The implementation of compensatory afforestation may result in the destruction of natural forests which may interfere with the ecosystem of the location. Because it advocates deforestation then the creation of entirely new forests. Notably, compensatory afforestation does not inhibit human activities on forests but rather creates room for them and calls for the planting of new ones. This has adverse impacts on the flora and fauna since natural forests present more benefits in terms of diversity compared to the artificial ones. Further, due to corruption, a report released in 2018 showed that CAMPA violates the Forest Conservation Act by allowing forests to be cleared and later grown by the same investors in the same location. This promotes wood-logging and destruction of natural habitats. For instance, in India compensatory afforestation has been blamed for presenting opportunities for the destruction of forests by established corporations yet the compensation is not equitable to the forests destroyed. Undoubtedly, the legitimization of forests destruction and encroaching of community owned lands can be attributed to compensatory afforestation. Destruction of a forest in a given location especially in towns results to more carbon dioxide in the atmosphere which affects air quality.

==Implementation==

Most of the funds that had been set aside for the purpose of compensatory afforestation has remained to be unused because of issues that have arisen between states over how the funds should be used.

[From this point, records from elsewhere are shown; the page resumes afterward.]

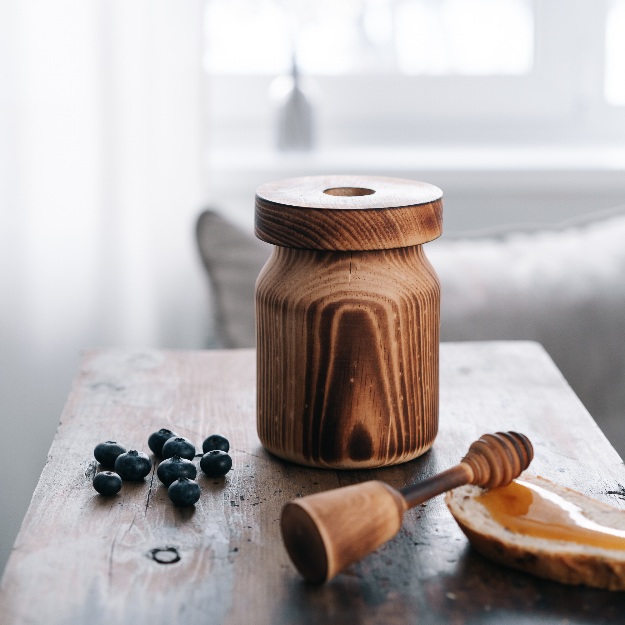 Лучше всего для хранения меда подходит посуда, изготовленная из древесины. Дерево придает меду ненавязчивые, очень приятные вкусовые оттенки, гармонично сочетающиеся с его в ароматом. Высокая плотность древесины, хорошо защищает мед от внешних воздействий. Также идеально подходит для варенья, конфет, орехов, сахара. Хороша для хранения трав. Обработана специальным способом для проявления текстуры. Изготовлена из экологически чистого дерева - Сибирская Сосна. Безопасна для детей. Внутренняя часть покрыта натуральным маслом. Сохранен запах дерева его целебные свойства и качества. Кубышка подходит как для пищевых продуктов, так и для хозяйственных нужд.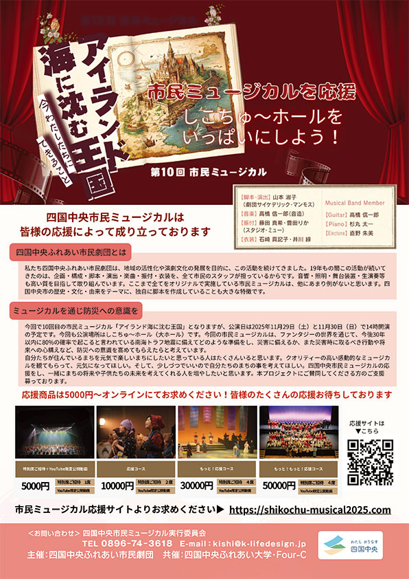 四国中央市土居町入野56番地ちかいビル4階 四国中央市民ミュージカル実行委員会 TEL:0896-74-3618 FAX:0896-22-3218 E-mail:musical@r-lifedesign.jp TEL:090-2784-3555(担当:岸) |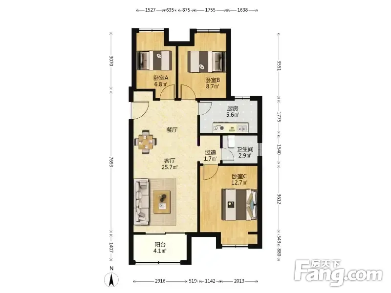 大学里(二期) 3室1厅 91.81平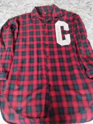 Camisa de cuadros con un diseño moderno. - Estampado a cuadros. - Detalle de letra 'C' y texto 'Love Fashion' en blanco.

Because of the conflict, the funds have remained to be unused and frozen for even a longer period until a solution has been met. Also, the states have delayed collecting the funds hence contributing to the misappropriation of the funds that has been set aside for compensatory afforestation.

In India, there is need for strict implementation of the reform due to complaints by most individuals that CAMPA does not follow up to ensure that the destroyed forests are not wholly compensated. The High Court in India in the year 2000, ruled out on details that surrounded the good process of CA by the Ministry. Also, the High Court gave an order to the Ministry for leading the matter that delivers for description regarding errands in the period of the funding of the clearance of forests. In the year 2012, the high law court made a directory creating the Compensatory funds acknowledged by the supports is directed to CA. CA Fund Management and Planning Authority was therefore instructed by the Environment and forests ministry. In the year 2009, the High Court gave a mandatory that the CAMPA would be getting an advisory in the assembly under control of the Ministry.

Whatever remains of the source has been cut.